7.泛型

• 泛型（Generics）是指在定义函数、接口或类的时候，不预先指定具体的类型，而在使用的时候再指定类型的一种特性

• 泛型T作用域只限于函数内部使用

7.1 泛型函数

• 首先，我们来实现一个函数 createArray，它可以创建一个指定长度的数组，同时将每一项都填充一个默认值

function createArray<T>(length: number, value: T): Array<T> {

let result: T[] = [];

for (let i = 0; i < length; i++) {

result[i] = value;

}

return result;

}

let result = createArray<string>(3,'x');

console.log(result);

7.2 类数组

• 类数组（Array-like Object）不是数组类型，比如 arguments

function sum() {

let args: IArguments = arguments;

for (let i = 0; i < args.length; i++) {

console.log(args[i]);

}

}

sum(1, 2, 3);

let root = document.getElementById('root');

let children: HTMLCollection = (root as HTMLElement).children;

children.length;

let nodeList: NodeList = (root as HTMLElement).childNodes;

nodeList.length;

7.3 泛型类

7.3.1 泛型类

class MyArray<T>{

private list:T[]=[];

add(value:T) {

this.list.push(value);

}

getMax():T {

let result=this.list[0];

for (let i=0;i<this.list.length;i++){

if (this.list[i]>result) {

result=this.list[i];

}

}

return result;

}

}

let arr=new MyArray();

arr.add(1); arr.add(2); arr.add(3);

let ret = arr.getMax();

console.log(ret);

7.3.2 泛型与 new

function factory<T>(type:{new():T}):T{

return new type();

}

class Person{}

let p:Person= factory<Person>(Person);

console.log(p);

function factory2<T>(type:{new(name:string):T},name:string):T{

return new type(name);

}

class Person2{

name:string;

constructor(name:string){

this.name=name;

}

}

let p2:Person2 = factory2<Person2>(Person2,'张三');

console.log(p);

7.5 泛型接口

• 泛型接口可以用来约束函数

interface Calculate{

<T>(a:T,b:T):T

}

let add:Calculate = function<T>(a:T,b:T){

return a;

}

add<number>(1,2);

interface Calculate2{

<T>(a:T,b:T):T

}

let sum2: Calculate2 = function <T>(a: T, b: T): T {

return a;

};

sum2<number>(1, 2);

interface Calculate3<T>{

<U>(a:T,b:T):U

}

let sum3: Calculate3<number> = function <U>(a: number, b: number): U {

return a as any

};

let res = sum3<string>(1, 2);

7.6 多个类型参数

• 泛型可以有多个

function swap<A,B>(tuple:[A,B]):[B,A]{

return [tuple[1],tuple[0]];

}

let swapped = swap<string,number>(['a',1]);

console.log(swapped);

console.log(swapped[0].toFixed(2));

console.log(swapped[1].length);

7.7 默认泛型类型

function createArray3<T=number>(length: number, value: T): Array<T> {

let result: T[] = [];

for (let i = 0; i < length; i++) {

result[i] = value;

}

return result;

}

let result2 = createArray3(3,'x');

console.log(result2);

7.8 泛型约束

• 在函数中使用泛型的时候，由于预先并不知道泛型的类型，所以不能随意访问相应类型的属性或方法。

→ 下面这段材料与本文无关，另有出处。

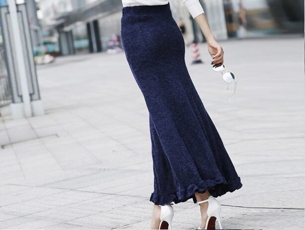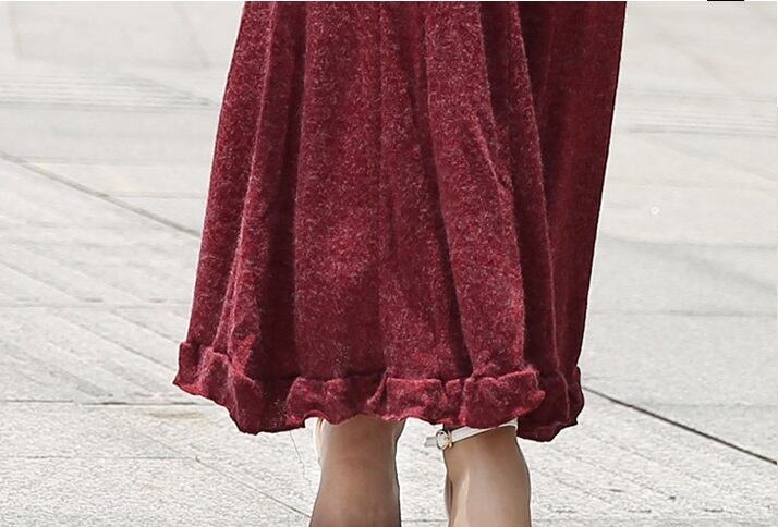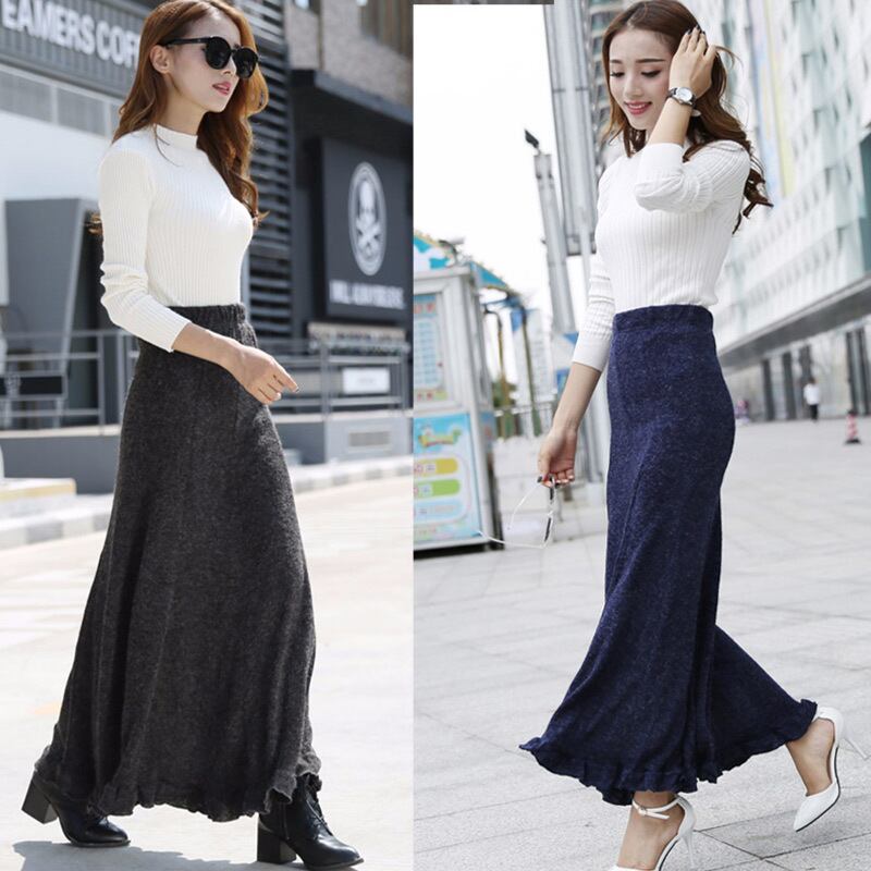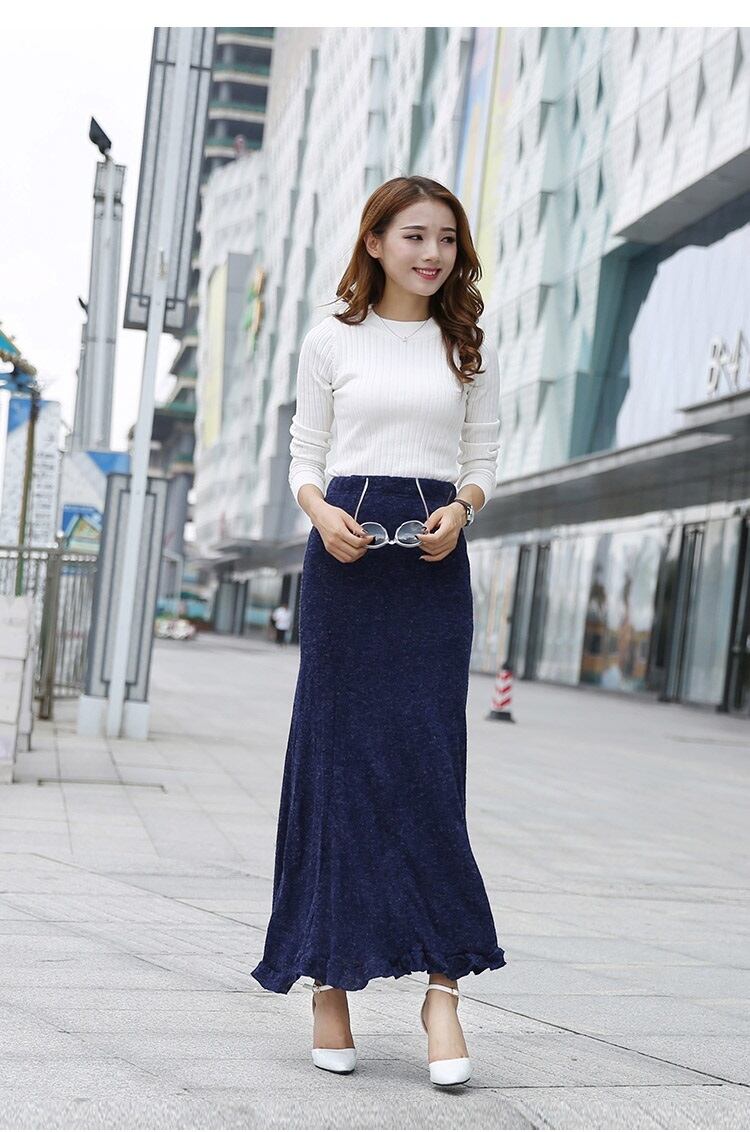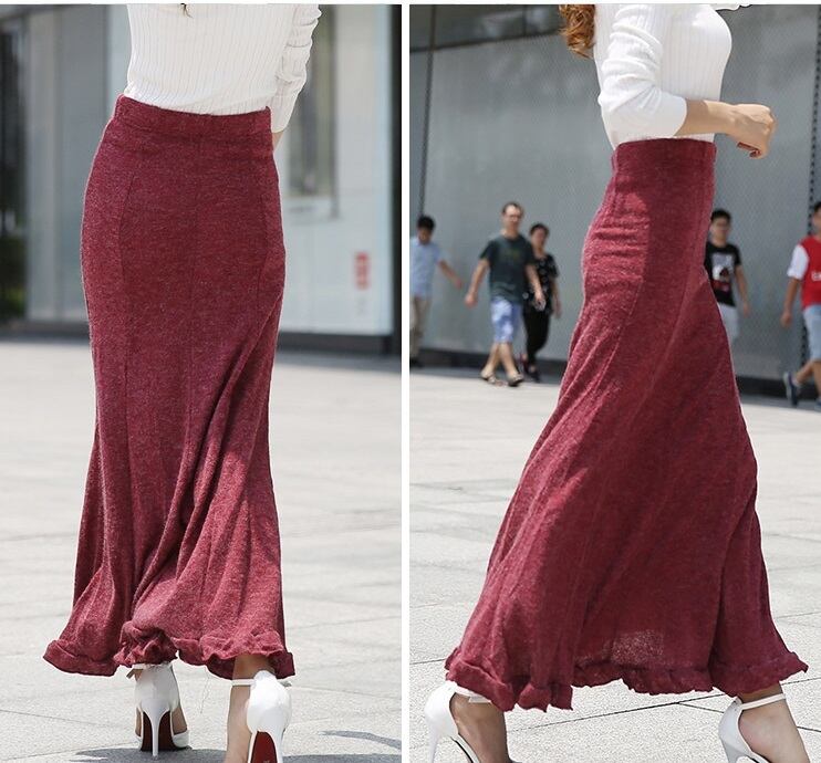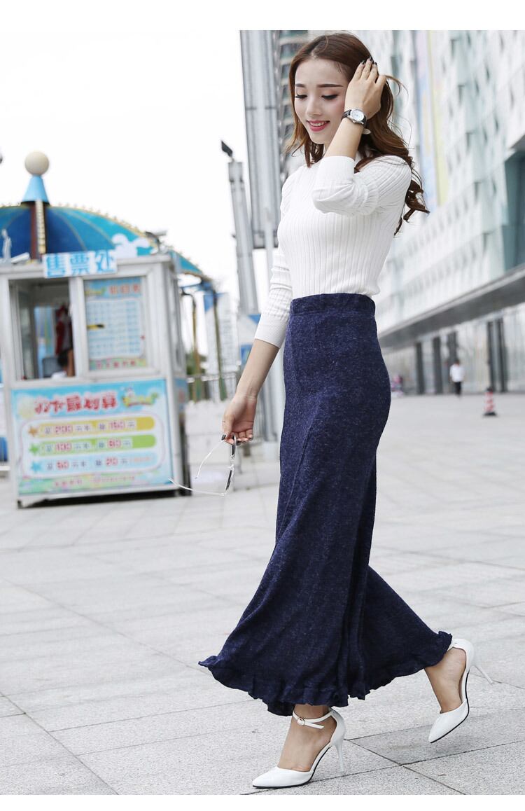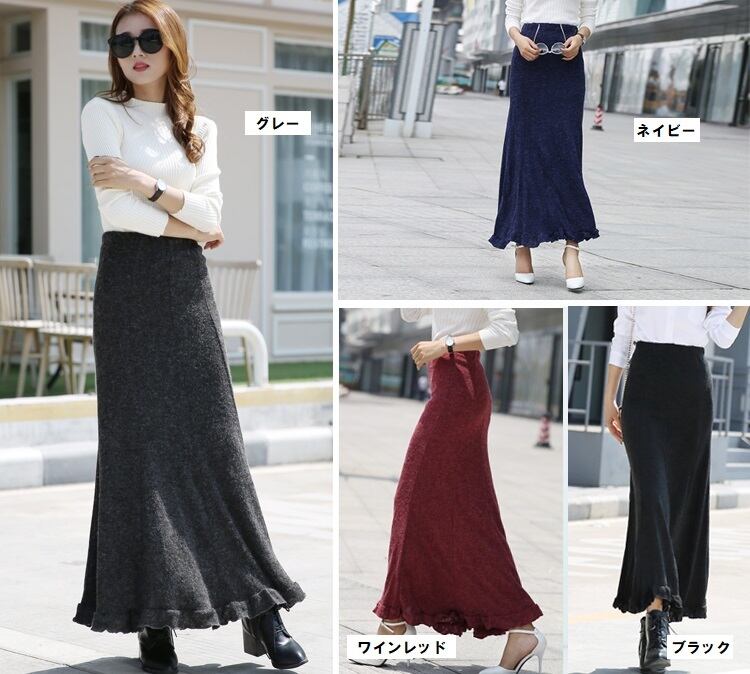 レディース 秋冬新作 オルチャン 韓国 ボトムス スカート ニット ロング丈 ウエストゴム フリル 無地 カジュアル 【N125】

function logger<T>(val: T) {

console.log(val.length); //直接访问会报错

}

//可以让泛型继承一个接口

interface LengthWise {

length: number

}

//可以让泛型继承一个接口

function logger2<T extends LengthWise>(val: T) {

console.log(val.length)

}

logger2('zhufeng');

logger2(1);

//判断兼容不兼容跟extends继承没有一点关系 ,只看形状 有没有对应的属性

class GrandFather {

grandFather:string

}

class Father extends GrandFather {

father:string;

}

class Child extends Father{

child:string

}

//约束

//或说T能赋值给Father

//T是Father的子类型

function get<T extends Father>(){

}

let father = new Father();

let child = new Child();

father = child;

7.9 泛型接口

• 定义接口的时候也可以指定泛型

interface Cart<T>{

list:T[]

}

let cart:Cart<{name:string,price:number}> = {

list:[{name:'zhufeng',price:10}]

}

console.log(cart.list[0].name,cart.list[0].price);

7.10 compose

type Func<T extends any[], R> = (...a: T) => R

/**

* Composes single-argument functions from right to left. The rightmost

* function can take multiple arguments as it provides the signature for the

* resulting composite function.

*

* @param funcs The functions to compose.

* @returns A function obtained by composing the argument functions from right

* to left. For example, `compose(f, g, h)` is identical to doing

* `(...args) => f(g(h(...args)))`.

*/

export default function compose(): <R>(a: R) => R

export default function compose<F extends Function>(f: F): F

/* two functions */

export default function compose<A, T extends any[], R>(

f1: (a: A) => R,

f2: Func<T, A>

): Func<T, R>

/* three functions */

export default function compose<A, B, T extends any[], R>(

f1: (b: B) => R,

f2: (a: A) => B,

f3: Func<T, A>

): Func<T, R>

/* four functions */

export default function compose<A, B, C, T extends any[], R>(

f1: (c: C) => R,

f2: (b: B) => C,

f3: (a: A) => B,

f4: Func<T, A>

): Func<T, R>

/* rest */

export default function compose<R>(

f1: (a: any) => R,

...funcs: Function[]

): (...args: any[]) => R

export default function compose<R>(...funcs: Function[]): (...args: any[]) => R

export default function compose(...funcs: Function[]) {

if (funcs.length === 0) {

// infer the argument type so it is usable in inference down the line

return <T>(arg: T) => arg

}

if (funcs.length === 1) {

return funcs[0]

}

return funcs.reduce((a, b) => (...args: any) => a(b(...args)))

}

//使用例子

const f = (arg:string) => `函数f(${arg})`

// function g

const g = (arg:string) => `函数g(${arg})`

// function h 最后一个函数可以接受多个参数

const h = (...arg:string[]) => `函数h(${arg.join('_')})`

console.log(compose(f,g,h)('a', 'b', 'c')) //函数f(函数g(函数h(a_b_c)))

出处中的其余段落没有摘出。